It’s easy to point to injuries as being the major culprit behind the demise of the Tigers this year.
For a two week period, Detroit was missing their three, six, and seven hitters, solid veteran bats with good pop. During that time, those guys were replaced by a group of Will Rhymes, Don Kelly, Scott Sizemore, and Ryan Raburn, with a little bit of Jeff Frazier sprinkled in. Not exactly household names, unless you live in their households.
The injuries to Magglio Ordonez, Carlos Guillen, and Brandon Inge certainly hurt. They were compounded by a horrendous slump by Brennan Boesch and a killer schedule. That combination of events is what turned a small deficit in the AL Central into the 9.5 game chasm now staring the Tigers in the face.
That said, the worst should be behind us now.
****************
While Ordonez isn’t coming back anytime soon, Inge and Guillen have already returned. Boesch is slowly showing signs of coming out of his funk, and the addition of Jhonny Peralta should, in theory, bring more offense to the shortstop position down the stretch.
Now, the Tigers must show improvement.
The Tigers are still missing Ordonez, and that does create a pretty big hole in the lineup, but it’s the rest of the order that now must get the job done. No longer do the Tigers have to use five or six rookies on a given night. They have two or three at most, and those guys have been here all season long.
Boesch’s slump saw his average slip from .342 at the all-star break all the way to as low as .280 in early August. Over his last seven games, however, Boesch has started to come around. He hitting .286 since August 4, and has homered twice in his past 21 at bats, giving him a .919 OPS since that date. He’s been batting third a couple of times recently, and I think keeping him there should help to get his bat going again.
But the Tigers won’t even make the last 49 games of the season interesting if the veteran guys don’t perform better than the rookies they replaced. Guillen hasn’t had so much as a hit since coming back (granted it’s only 10 at bats), Inge is batting .172 since his return with 11 strikeouts in 29 at bats, and Peralta has done virtually nothing since his two-homer debut game, hitting .136/.224/.159 over his last 12 games.
Opposing pitchers have taken notice as well. Miguel Cabrera, the team’s lone great hitter, is getting walked at an alarming rate, and when he does get a pitch in the zone, he’s pressing to make something happen. The result is a .227 average in his last seven games, but with a .469 OBP. Cabrera hasn’t homered this month, and has just two RBI, both coming on August 1.

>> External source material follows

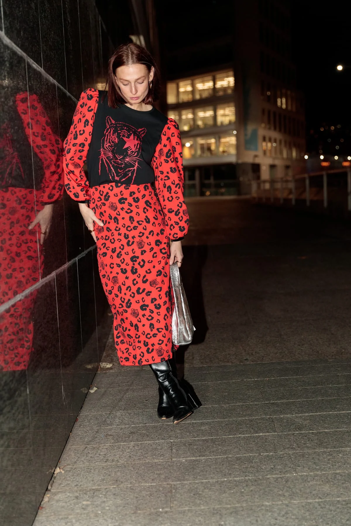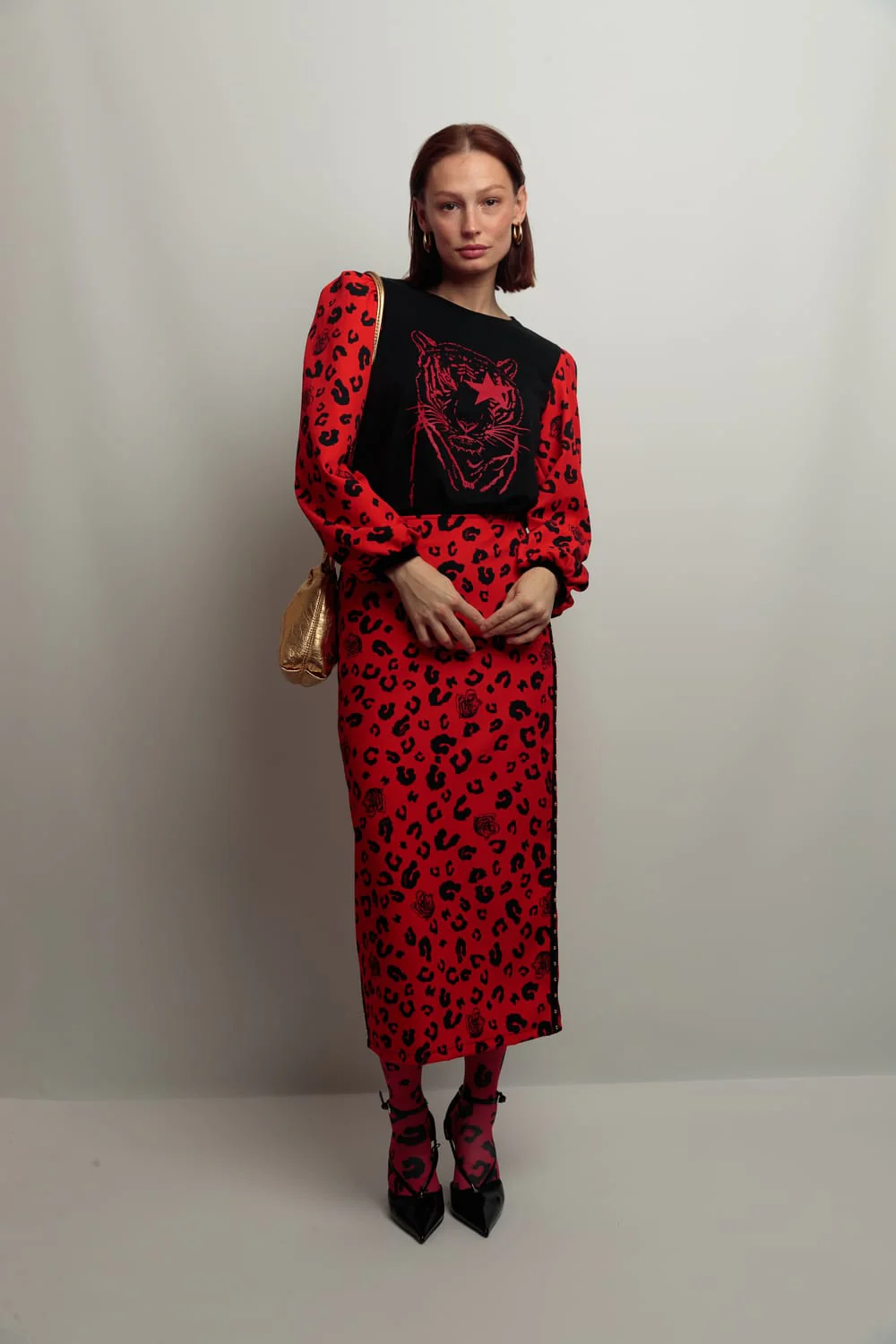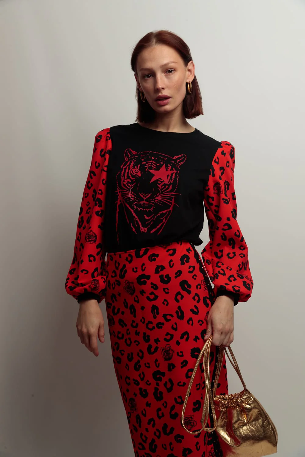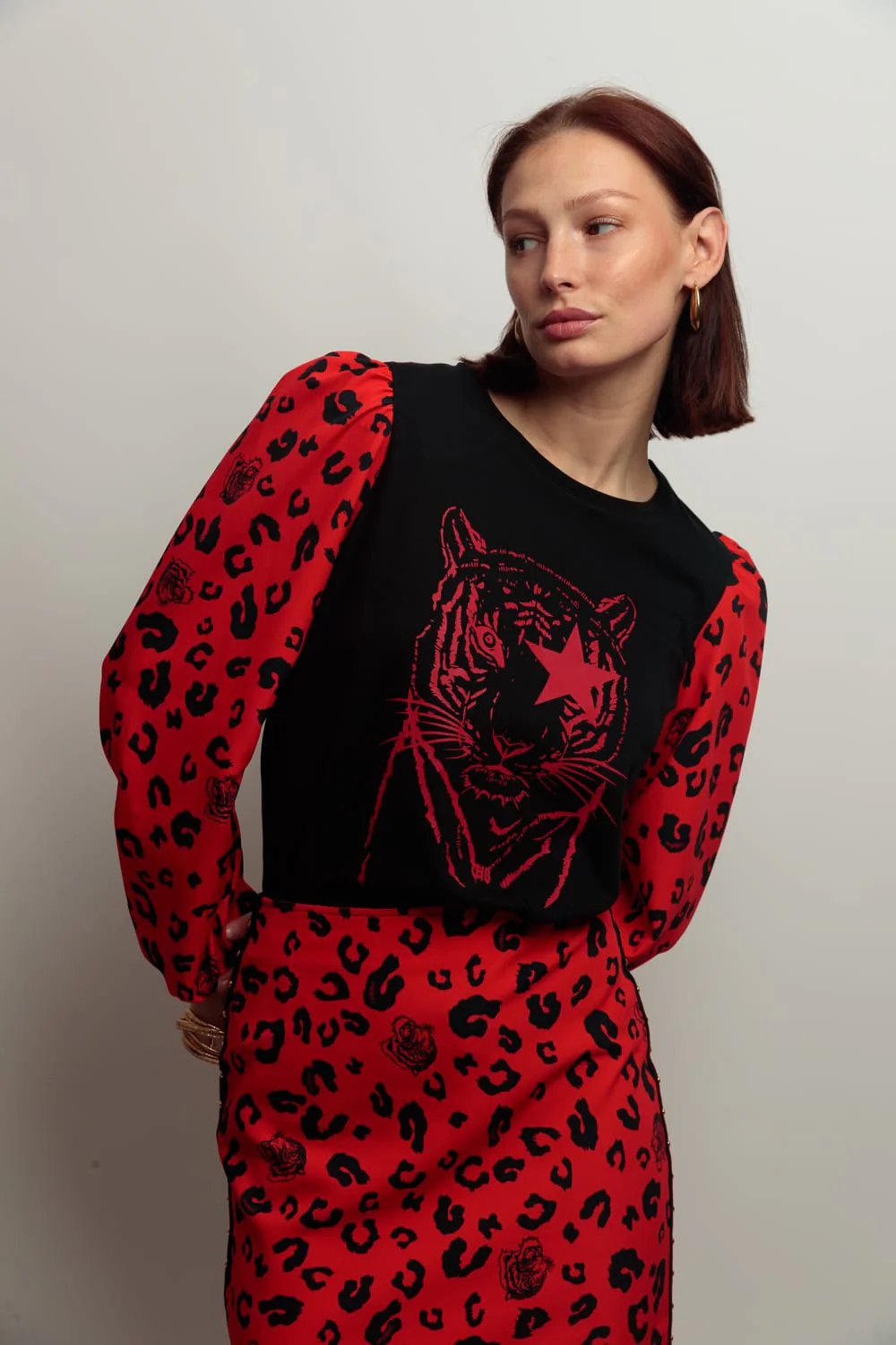 Camiseta de algodón en color negro con cuello redondo, y corte evasé. Detalle de mangas abullonadas en estampado animal print color rojo. Estampación frontal.

Cabrera’s fortunes, and those of the Tigers, don’t figure to change anytime soon unless guys like Guillen, Inge, and Peralta find their strokes, and quickly. The Tigers open a seven game road trip tonight that will see them take on the White Sox and Yankees. If everything was clicking just right, you’d like to see the Tigers come home 4-3 on this trip. They can’t afford to do worse than that.
They don’t have inexperience to lean on as an excuse for the lack of runs they produce as a team anymore. Raburn has joined Boesch in picking up the slack for Ordonez in the outfield and also in the order, batting .308/.357/.577/.937 over his last eight games. There is no reason that the Tigers cannot begin to creep back towards .500 with this lineup.
Unless, of course, the struggles of Inge, Guillen, and Peralta continue.